Today is not my day, tomorrow never comes, and yesterday died.
We may well nosedive into the Pit and scream out our last words.
May as well carve my epitaph “Life was Short and Shit, I Quit.”
(After all, writing out these trite little poems keeps me alive.)
I drink down death like caffeine.
I’m addicted to the abyssal kiss,
the gore and dissolution of black.
Whether by storm or by fire, taken
aback the divine psychopompic lips
of every demon I have tasted, Yama
and Hela, even angels are destruction,
and their prince ferries the departed.
Wanting to kill myself, I die dreaming.
A blood debt to my Yngling ancestors,
a soul debt to my angelic and demonic,
when the Grim Reaper swallows you whole
it feels like an orgasm of apocalyptic
proportions, that glowing tunnel light
is a birth canal into the karmic cycle,
I flee from burning things, I seek dark,
I seek velvety soft hair like razors,
I cup the rot breasts of Lady Death,
I dreamed as a child I dug my own grave,
and I’ve been filling graveyards since.
First goes the flesh, then the spirit
as you sleep so deep you are nightshade
berries and belladonna on the throat.
It is so brilliant to not breathe.
It is so terrible to live like this.
My eyes are rotting wounds, tears venom seeps
onto crater collarbone, I drag invisible knife
through the ugly swell of breast and belly, rue
my creation, my sickness, my mind hellish bells.

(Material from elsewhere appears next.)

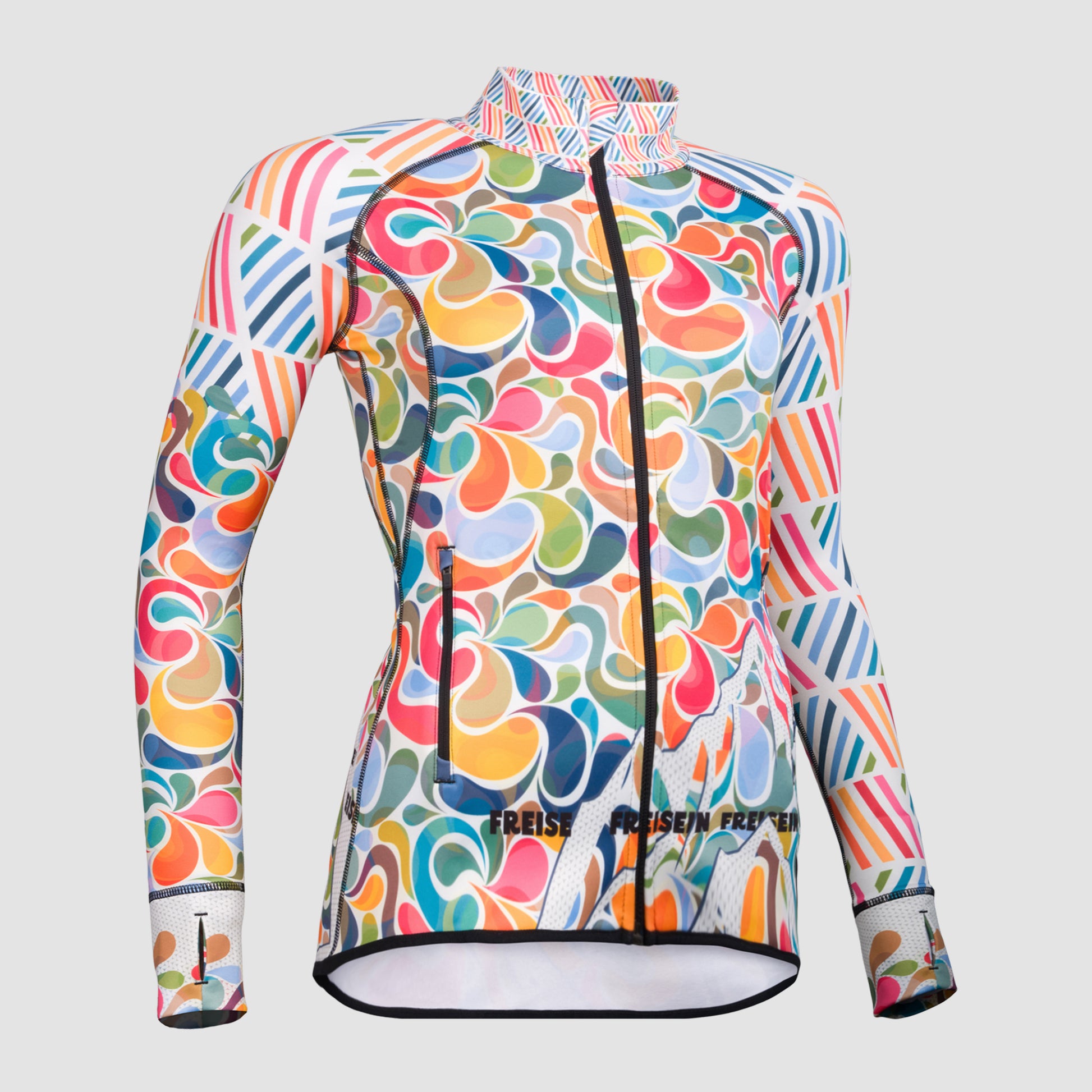 Farbenfroher Allover RetroPrint - bewusst passend für all Deine Berg und Freizeithosen von uns erarbeitet. Auf dem Vorder/ und Rückteil dezent eingearbeitete Bergkette - sichtbar auf den zweiten Blick. Die Jacke ist Teil unsere Herbstlinie mit passendem Shirt und Bergleggings.

I am constantly falling down an elevator shaft,
and when I cling to the pulley, I cut my hands
on barbed wire, I do not deserve life, friends,
for I am a swamp hope sinks into and cannot fly.
My brain is on fire, bipolar beast, ricotta cheese
holes and smelly with fog of medicine, depression
mania is wedding dress restraints, I married demons
that ride me with spite, I am Hell’s bird, Babalon.
When you have wanted to kill yourself a hundred times
no, jump in front of a train, no, drown in undertow?
Does that make sense? Thanatos drive whispering you to
take a razor and fuck yourself up, get high off death.
There is no end, just cycles of pain, my thoughts
scream, teem with obsessive compulsive, a panic parade
but I bury the swords deeper and walk bleeding heart
I am the sheath of my torment. I carry agony well.